By: William Bratton – as seen in the NY Daily News here
The New York State Legislature, the same people who brought you the criminal justice “reform” package that ensured almost no one arrested would ever go to jail while awaiting trial, has a new set of proposed laws. They look curiously like a strategy to make our streets even more dangerous. Rather than solve crimes and not send people to jail, why not make crimes even harder to solve in the first place?
Here are some of the ideas that could easily pass in Albany, tying the hands of the NYPD and other police departments across the state and putting communities, especially Black and Latino New Yorkers, at risk.
They want to ban “no-knock warrants” even when there is probable cause to believe that guns or drugs are present in a location and a judge agrees and signs a warrant that authorizes a no-knock entry. The proposed law says that the first thing police should do is knock, and then wait 30 seconds for a person to come open the door. When you are a hardened criminal, 30 seconds to pull out a pistol or assault weapon, or to flush narcotics down the toilet, is a lifetime. For a police officer, it can be and has been, the end of a lifetime. The law also calls for all warrants to happen between 8 a.m. and 6 p.m., because I guess if they have to pull a gun or get rid of evidence, it would be better if they have already had their coffee.
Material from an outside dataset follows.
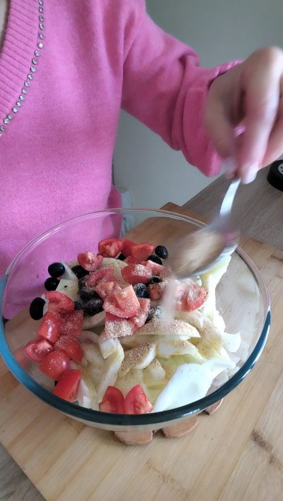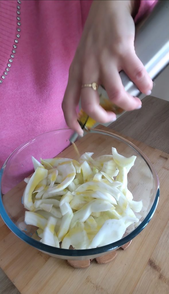 • Take a large bowl, add the sliced fennel and season with extra virgin olive oil and pitted olives.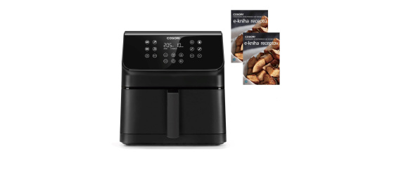Představujeme horkovzdušnou fritézu Cosori Premium II. Inovované řešení, které nejen šetří čas, ale také energii a nabízí způsob vaření, který je šetrný ke zdraví. S horkovzdušnou fritézou si můžete užívat oblíbená jídla připravovaná s minimem oleje, vyhnete se zápachu ze smažení a také úklid je díky možnosti mýt koš v myčce hračkou. Fritéza nabídne koš se štědrým objemem 6,2 litrů, takže v ní je možné pohodlně připravit jídlo pro 3-5 lidí, například celé, 2,3 kg kuře. Při vysoké objemu si ale zachová malé vnější rozměry, takže se hodí i do malých kuchyní. S technologií 360° cirkulujícího vzduchu se fritéza zahřeje na provozní teplotu do 5 minut a dále výrazně zkracuje dobu vaření. Malý objem také znamená malou spotřebu energie ve srovnání s běžnou troubou. Fritéza nabídne 12 programů pro přípravu pokrmů, které je možné upravit podle individuálních chutí. Displej fritézy je přehledný a pohodlně nakloněný pro perfektní čitelnost. V dnešní digitální době je také poměrně atraktivní funkce vypnutí zvuku tlačítek. Jako bonus si můžete stáhnout e-kuchařku s 80 recepty v češtině i slovenštině.

Another bill would ban police from questioning any juvenile in custody, even if the suspect agrees to it and even if their parents agree and give consent, unless the young person has first consulted with an attorney. The NYPD already has a complex set of requirements when questioning juvenile suspects including requirements that their parents are called and given access. Juveniles and parents are advised of their rights and interviews are videotaped in their entirety. Today, there are hundreds of juvenile offenders who have multiple arrests for violent crimes including robbery, assault and shootings. Not allowing police to take a statement from a willing suspect seems to be a gift to everyone but the crime victim.
That’s not all. Our state legislators want to outlaw New York City’s DNA database and force the destruction of thousands of DNA samples connected to criminal investigations that could be the key piece of evidence in a murder case, a sexual assault or rape. They also want to get rid of the criminal records of convicted felons seven years after they leave state prison. Aiming to address the problem that some people have trouble getting work because of a public record of their conviction, the “Clean Slate” law would require that their records get sealed, which includes the destruction of mug shots and fingerprints. Why would we want to throw away the fingerprints and mugshots that could be key to solving future crimes?
If that isn’t enough, another proposal wants to bar the NYPD from using all biometric records to solve crimes. That would mean throwing out a facial recognition tool that has provided the initial leads that resulted in identifying thousands of violent predators.
Many of these proposals have been floating around Albany for years. They were bad ideas when New York City had the lowest crime rate on record and now, with shootings doubled and murders climbing, the idea of pushing these laws has gone from misguided to just plain irresponsible and dangerous.
As the commissioner of the Boston Police Department, chief of the Los Angeles Police Department, and New York’s police commissioner twice, I was privileged to lead the teams that reduced crime to record lows and built new relationships with communities hit hardest by crime. It shouldn’t be lost on anyone in New York that the vast majority of the victims of our shootings and murders, like 10-year-old Justin Wallace, are people of color.
We need to stop this carnage, not make it worse. I’ve been around long enough to see what happens when politicians take the last tragic incident or viral video from some other city and legislate by press release. We can’t continue to allow politicians to take legislation drafted by organizations that represent criminal defense lawyers and blindly pass it without any meaningful feedback from judges, prosecutors or police. We need to be mindful and we need to strike a balance that includes not just reform, which is often essential, but also the obligation to reduce crime and violence for the people we — yes, the politicians and police — both swore to serve. That is what democracy looks like.
Bratton is is co-author with Peter Knobler of “The Profession: A Memoir of Community, Race, and the Arc of Policing in America.”